About this task - Return the following from the records below: each line, word for word, starting with the line that contains "ДЗ 2: Кривые" and going on through the line that contains "تعطيل الدراسة أثار", with nothing outside that range.

Supplied data -
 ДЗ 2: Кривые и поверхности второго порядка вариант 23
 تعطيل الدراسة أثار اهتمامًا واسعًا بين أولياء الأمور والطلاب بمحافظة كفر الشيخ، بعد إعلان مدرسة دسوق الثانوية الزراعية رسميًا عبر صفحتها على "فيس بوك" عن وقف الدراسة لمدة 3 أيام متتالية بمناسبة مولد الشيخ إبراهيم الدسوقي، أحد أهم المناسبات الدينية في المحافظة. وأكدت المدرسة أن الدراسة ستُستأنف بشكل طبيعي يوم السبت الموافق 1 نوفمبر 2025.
* * *
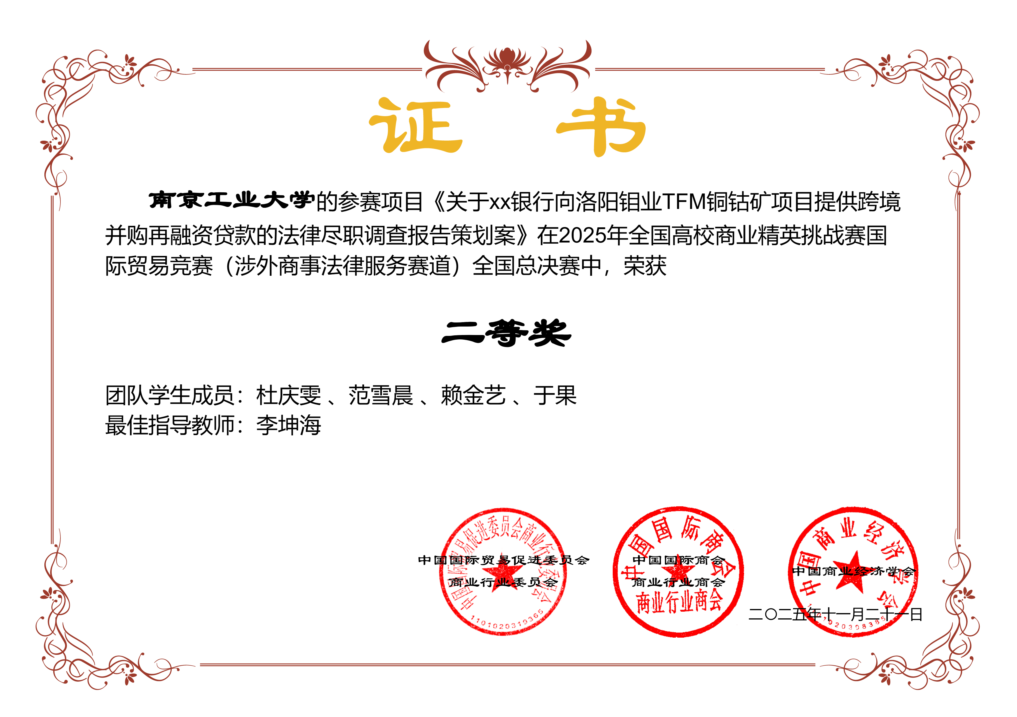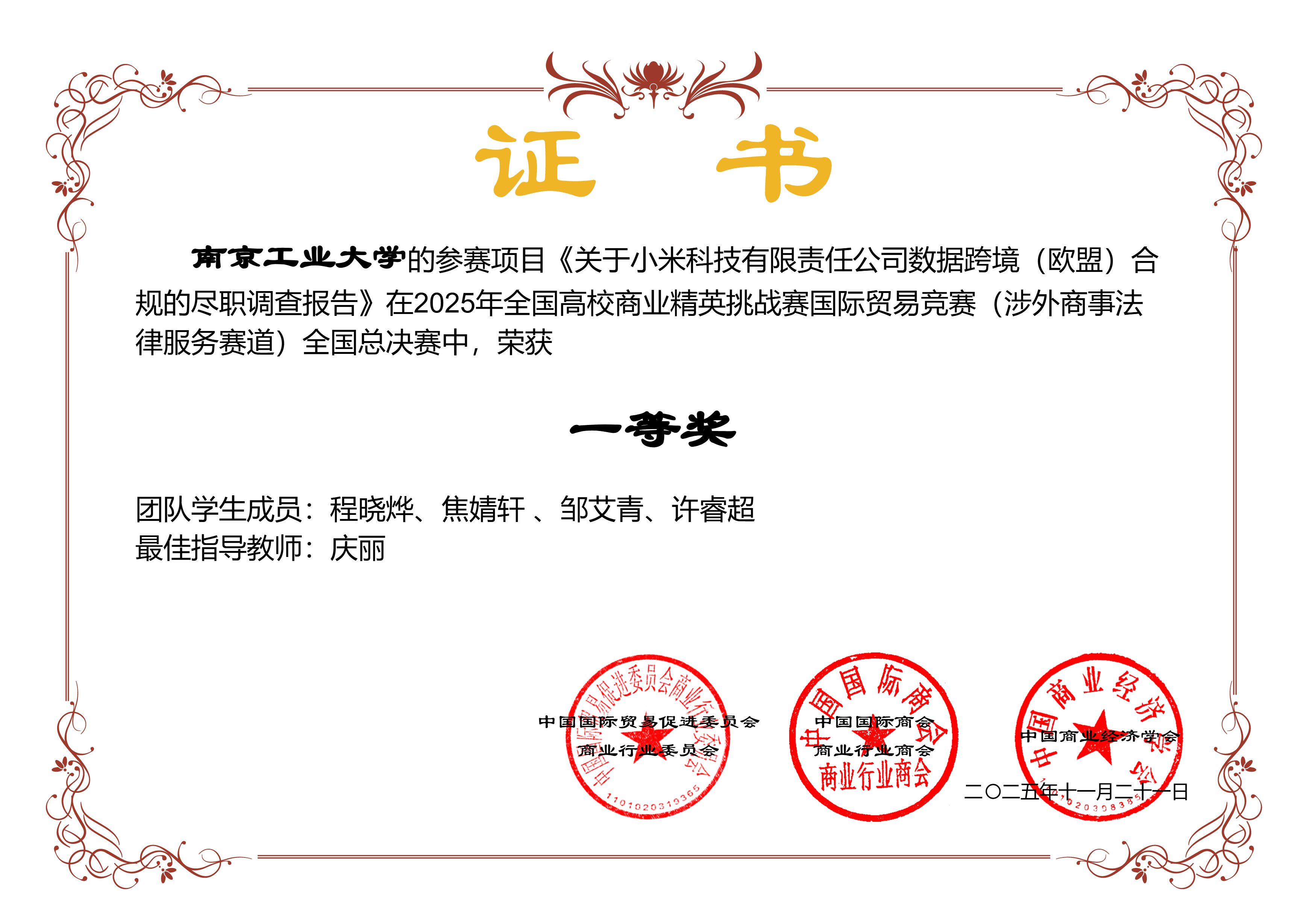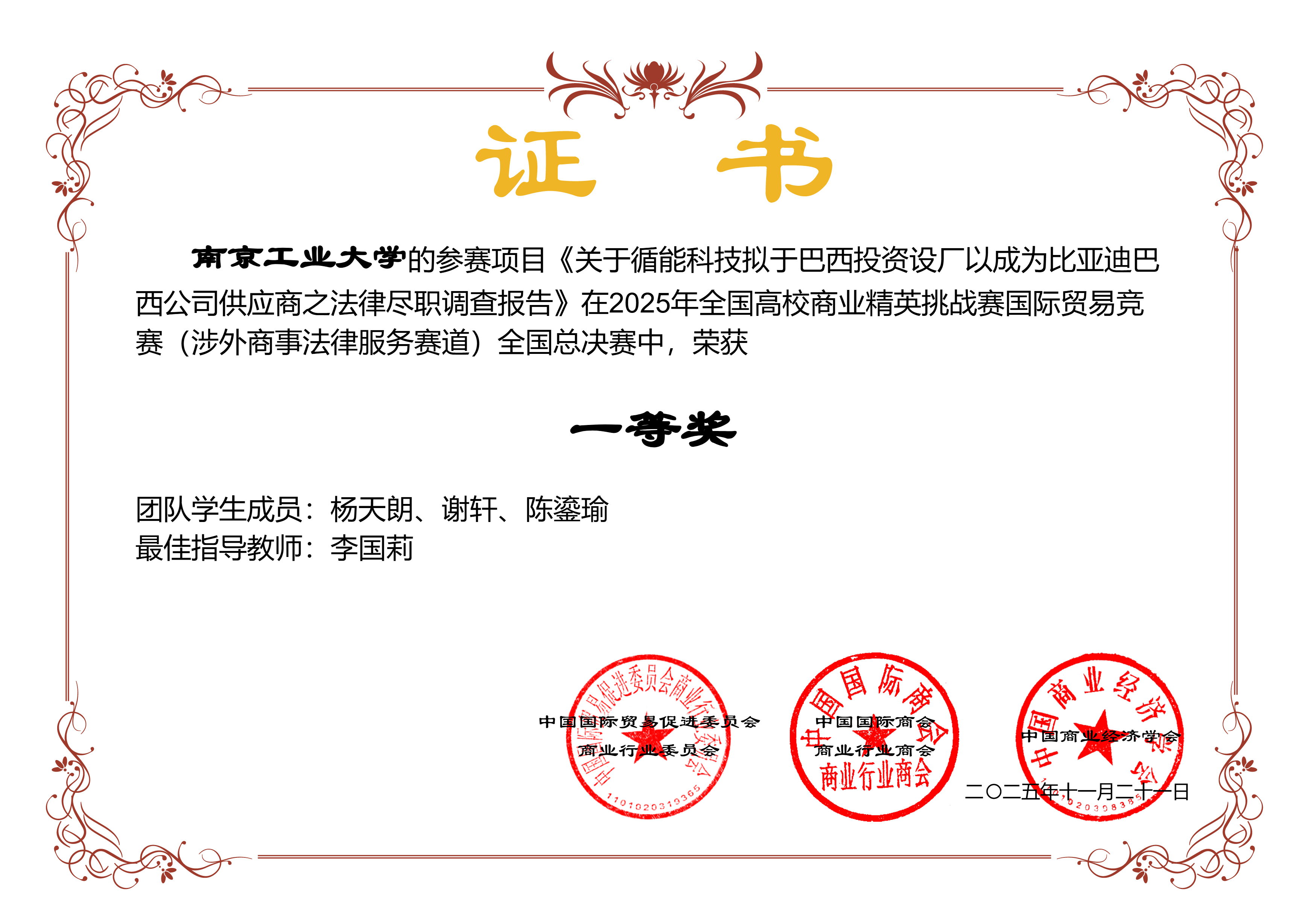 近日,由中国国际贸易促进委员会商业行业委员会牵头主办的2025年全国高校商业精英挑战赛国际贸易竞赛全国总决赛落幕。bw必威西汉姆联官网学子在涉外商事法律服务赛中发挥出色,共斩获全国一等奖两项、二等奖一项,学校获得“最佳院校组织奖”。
...
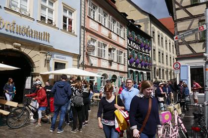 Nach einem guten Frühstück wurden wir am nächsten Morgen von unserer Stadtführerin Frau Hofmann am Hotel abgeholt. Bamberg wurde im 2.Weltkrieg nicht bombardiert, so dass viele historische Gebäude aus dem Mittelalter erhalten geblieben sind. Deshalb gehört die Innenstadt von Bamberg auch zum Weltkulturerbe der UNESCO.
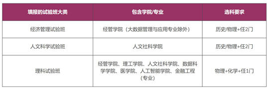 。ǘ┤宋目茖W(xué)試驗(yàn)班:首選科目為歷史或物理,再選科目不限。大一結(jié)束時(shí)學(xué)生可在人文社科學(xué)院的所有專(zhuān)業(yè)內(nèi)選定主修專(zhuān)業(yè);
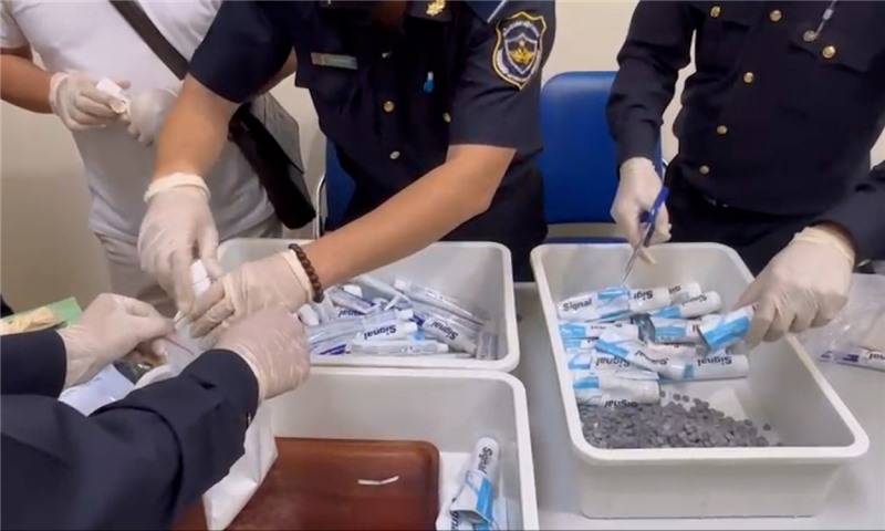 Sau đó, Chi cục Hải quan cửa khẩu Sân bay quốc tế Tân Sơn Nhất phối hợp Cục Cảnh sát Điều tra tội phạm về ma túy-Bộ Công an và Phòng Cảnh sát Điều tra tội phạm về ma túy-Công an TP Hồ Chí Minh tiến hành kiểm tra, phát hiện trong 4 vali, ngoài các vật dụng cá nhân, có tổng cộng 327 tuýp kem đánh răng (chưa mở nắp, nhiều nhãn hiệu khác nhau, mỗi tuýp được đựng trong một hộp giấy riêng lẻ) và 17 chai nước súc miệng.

Task answer -
 ДЗ 2: Кривые и поверхности второго порядка вариант 23
 تعطيل الدراسة أثار اهتمامًا واسعًا بين أولياء الأمور والطلاب بمحافظة كفر الشيخ، بعد إعلان مدرسة دسوق الثانوية الزراعية رسميًا عبر صفحتها على "فيس بوك" عن وقف الدراسة لمدة 3 أيام متتالية بمناسبة مولد الشيخ إبراهيم الدسوقي، أحد أهم المناسبات الدينية في المحافظة. وأكدت المدرسة أن الدراسة ستُستأنف بشكل طبيعي يوم السبت الموافق 1 نوفمبر 2025.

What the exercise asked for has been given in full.